■ Data provided ■
####
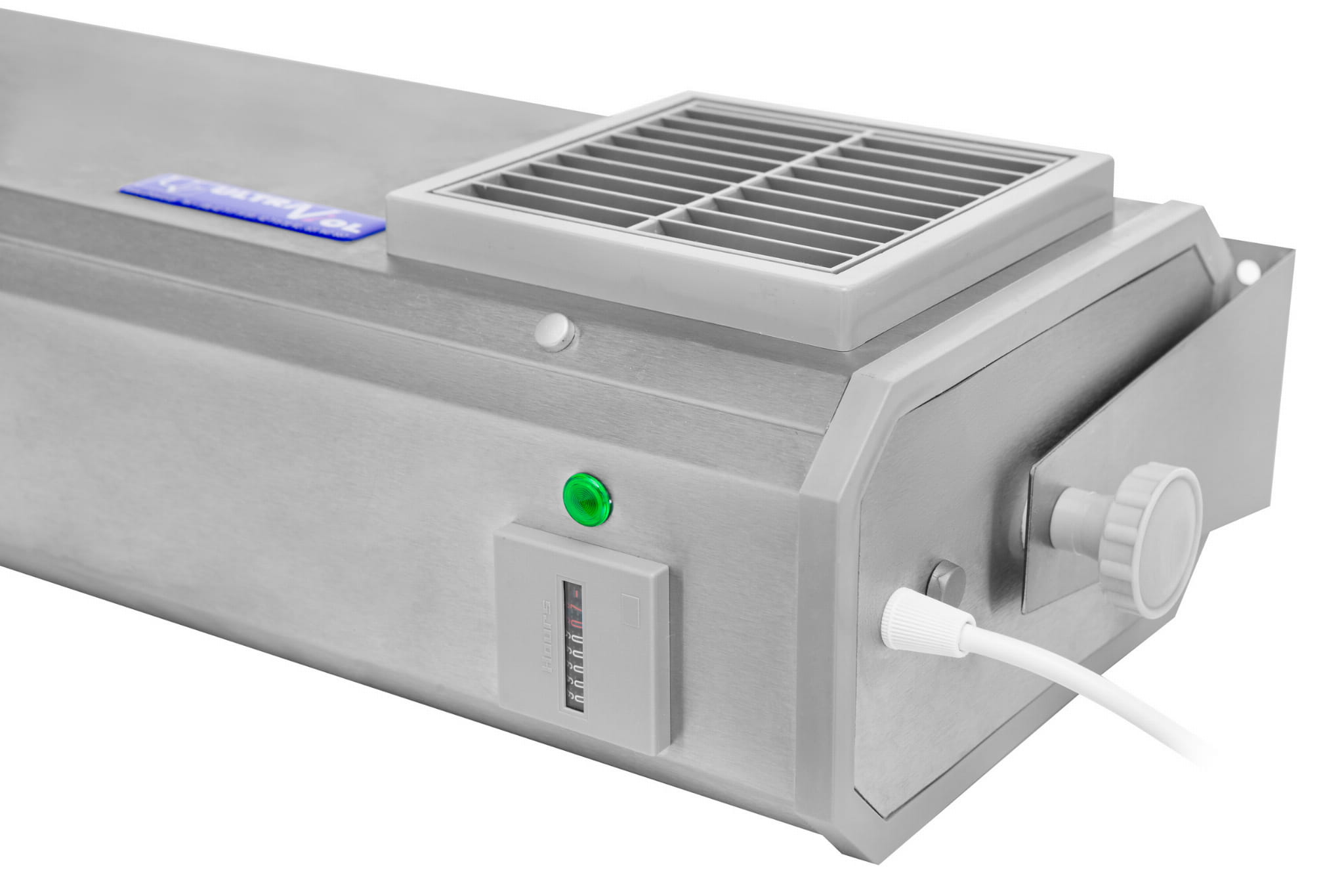 - rodzaj obudowy: blacha kwasoodporna, łatwość dezynfekcji i mycia lampy, szczelność, pełne bezpieczeństwo personelu, prostota wymiany filtrów powietrza bez użycia narzędzi,
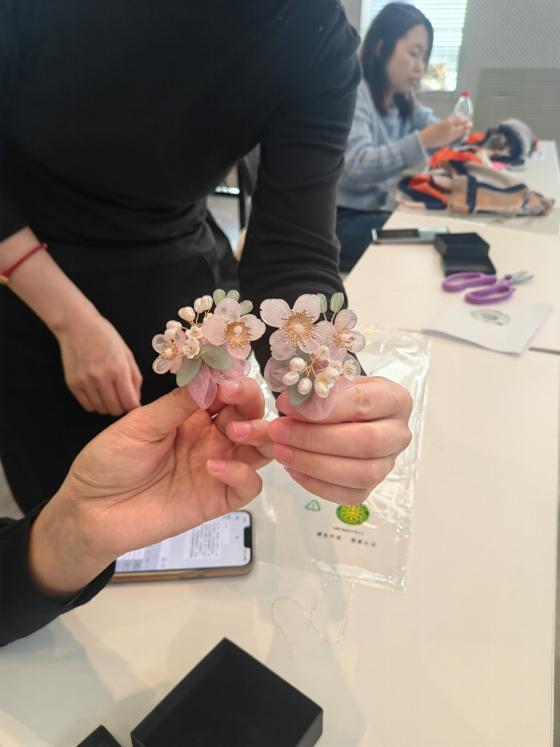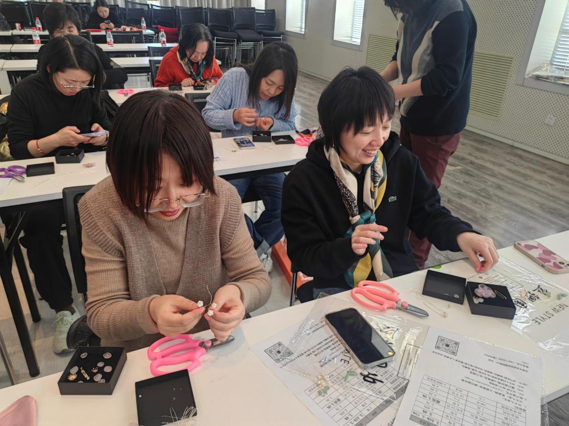 庆祝活动的下半场,学院邀请到拾年花房带领到场的女教职工制作精美的手工胸花。大家都十分用心地学习和实践制作流程,每一个手工胸花都是她们对美好生活的向往和追求,也是对自己的一种肯定和鼓励。
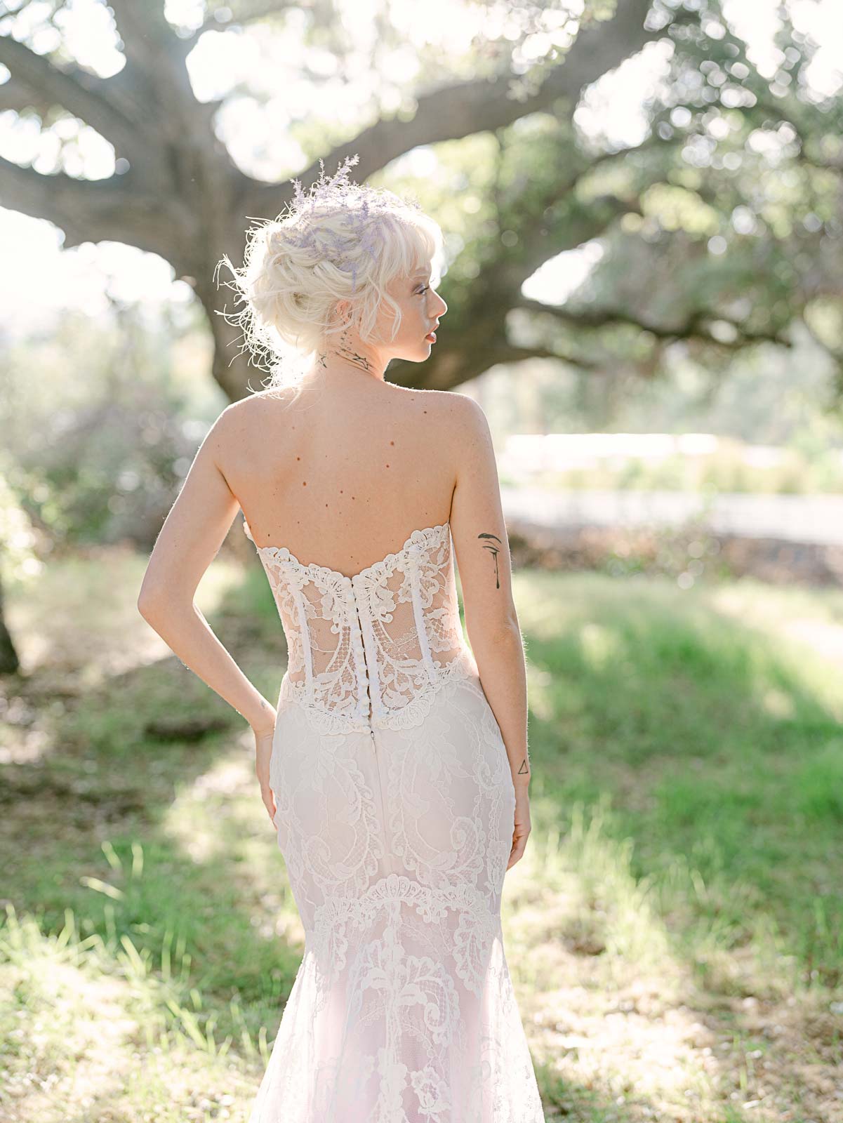Classic with a twist. Our strapless French Solstiss lace fit and flare sheath is a gorgeous timeless piece from the Moonlight Reverie Collection. Add a gradient silk underneath, and Quill becomes unforgettable. The scalloped hem and long train are lined with crinoline to give the light-as-air dress just a bit of drama, and the sheer, button back with softly structured corset bodice enhances your silhouette. Shown with the Everglade long sleeve bolero, Quill is giving all the forest fairy vibes!
####
■ Work order ■
For your answer, write out the data exactly and drop every picture.

■ Output of the task ■
 - rodzaj obudowy: blacha kwasoodporna, łatwość dezynfekcji i mycia lampy, szczelność, pełne bezpieczeństwo personelu, prostota wymiany filtrów powietrza bez użycia narzędzi,
 庆祝活动的下半场,学院邀请到拾年花房带领到场的女教职工制作精美的手工胸花。大家都十分用心地学习和实践制作流程,每一个手工胸花都是她们对美好生活的向往和追求,也是对自己的一种肯定和鼓励。
Classic with a twist. Our strapless French Solstiss lace fit and flare sheath is a gorgeous timeless piece from the Moonlight Reverie Collection. Add a gradient silk underneath, and Quill becomes unforgettable. The scalloped hem and long train are lined with crinoline to give the light-as-air dress just a bit of drama, and the sheer, button back with softly structured corset bodice enhances your silhouette. Shown with the Everglade long sleeve bolero, Quill is giving all the forest fairy vibes!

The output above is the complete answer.